Machine Learning, Artificial Intelligence, and How the Two Fit into Information Security

Machine Learning, Artificial Intelligence, and How the Two Fit into Information Security

Everywhere I look, someone’s talking about machine learning (ML) or artificial intelligence (AI). These two technologies are shaping important conversations in multiple sectors, especially marketing and sales, and are at risk of becoming overused and misunderstood buzzwords. The technologies are also drawing the attention of security professionals, with some believing that AI is poised to transform information security.

Despite this hype, there’s still a lot of confusion around ML, AI and their utility for information security. In this blog post, I would like to correct these misperceptions. Let’s start with differentiating machine learning and artificial intelligence in general.

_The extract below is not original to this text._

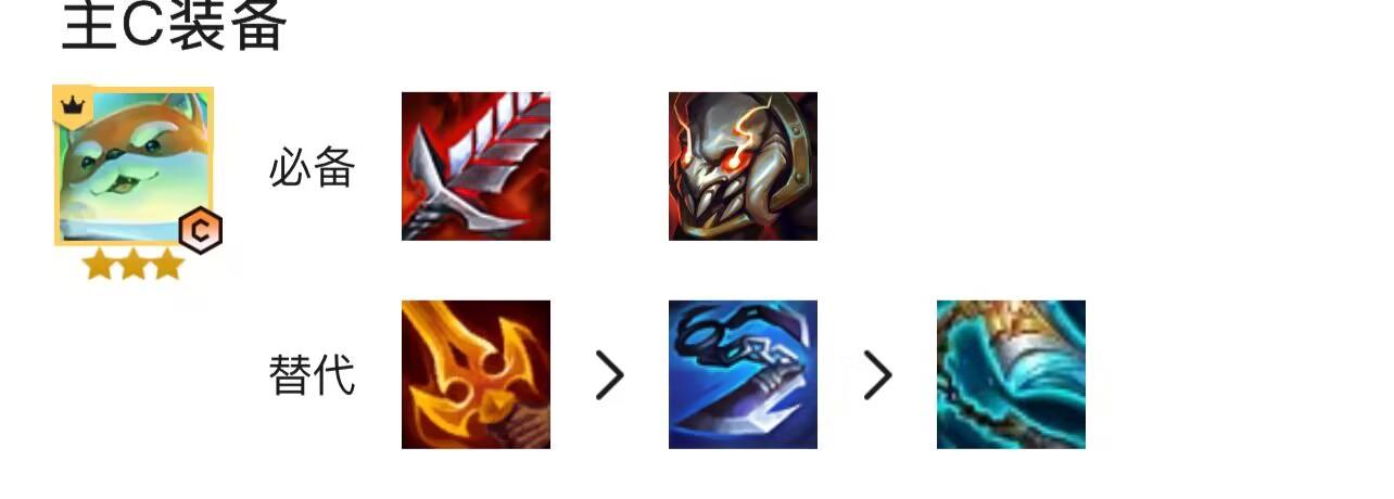 主C狗头的必备装备是饮血剑、泰坦的坚决,替代装备是死亡之刃、巨杀、破防者。

Machine Learning vs. Artificial Intelligence: Understanding the Difference

Artificial intelligence is the science of trying to replicate intelligent, human-like behavior. There are multiple ways of achieving this – machine learning is one of them. For example, a type of AI system that does not involve machine learning is an expert system, in which the skills and decision process of an expert are captured through a series of rules and heuristics.

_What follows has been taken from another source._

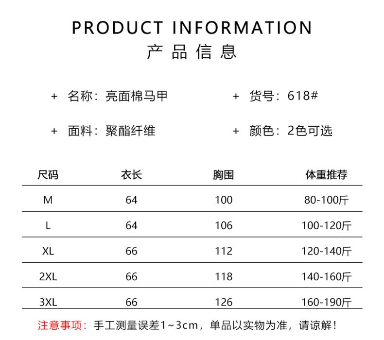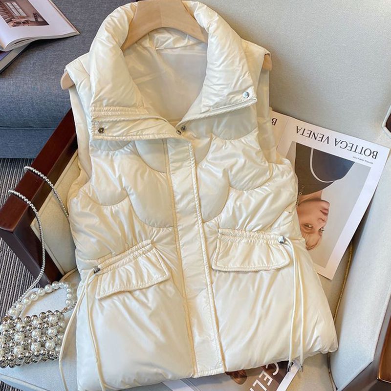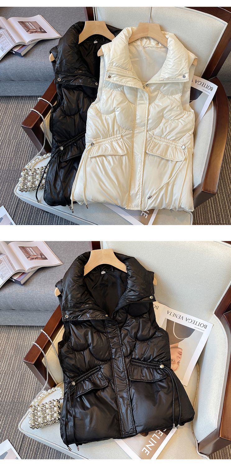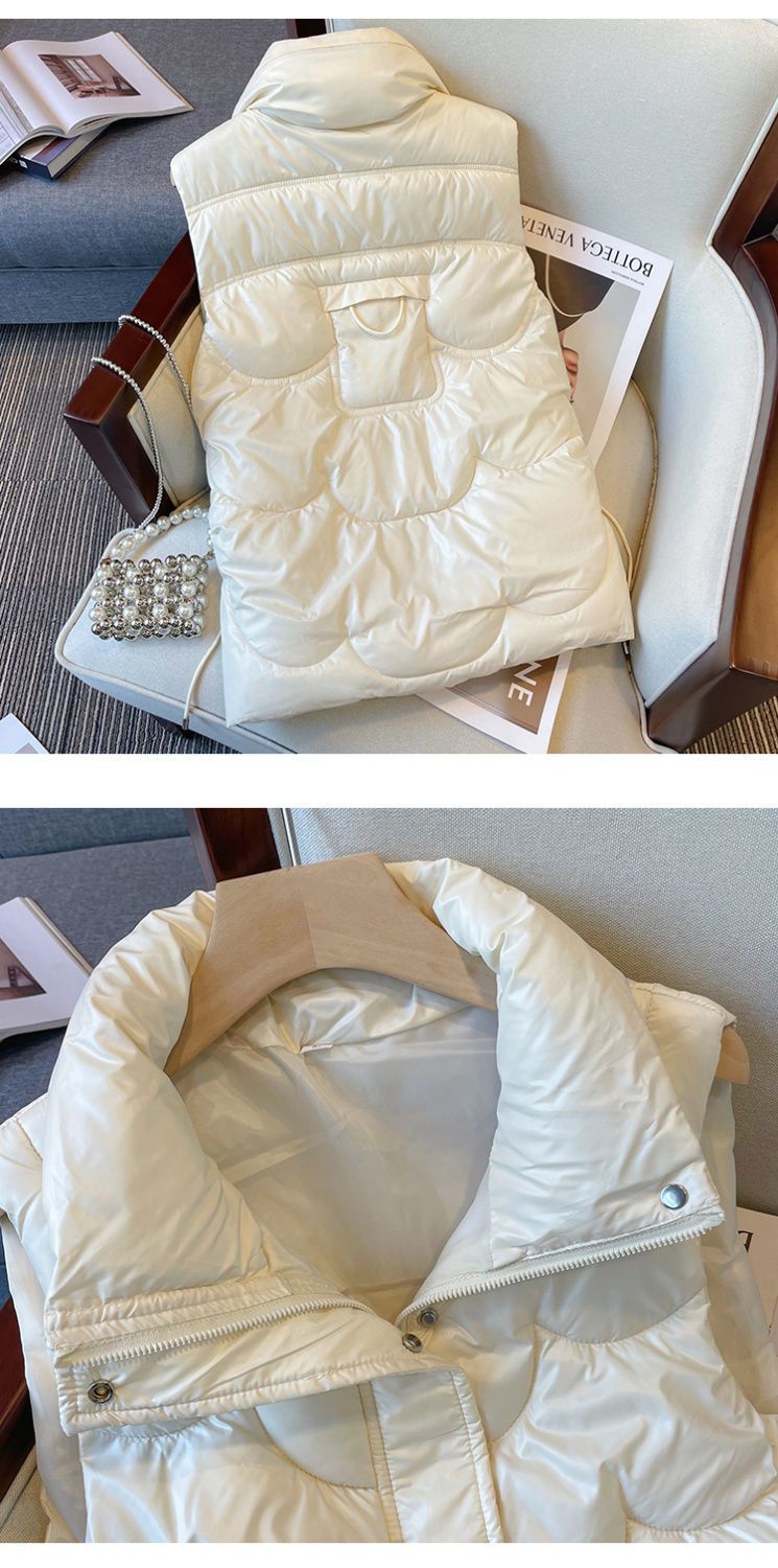 2024韩版免洗亮面羽绒棉马甲女短款宽松立领马夹秋冬外穿坎肩背心

Machine learning is a specific type of AI. An ML system analyzes a large data set in order to categorize the data and create rules about what datum belongs in what category. For example, machine learning can be used to analyze network behavior data and categorize it as normal or anomalous.

Given these definitions, all ML systems are also AI systems. However, not all AI systems use machine learning. It’s similar to saying that while humans are mammals, not all mammals are humans. However, today’s trend is that few of the other AI techniques are being used. If we find ourselves in the situation where the only AI systems are those that use ML, then the two terms would be synonymous. It’s like if there were no mammals other than humans, then saying human and mammal would be synonymous.

There are two main branches of machine learning: supervised and unsupervised. Supervised ML involves mapping input variables to output variables in order to make accurate predictions about the data it is analyzing. In terms of threat detection, an ML algorithm could use known suspicious behaviors and a “malicious” category assignment as the ground truth for developing a threat classifier. It can then use that classifier to analyze new samples.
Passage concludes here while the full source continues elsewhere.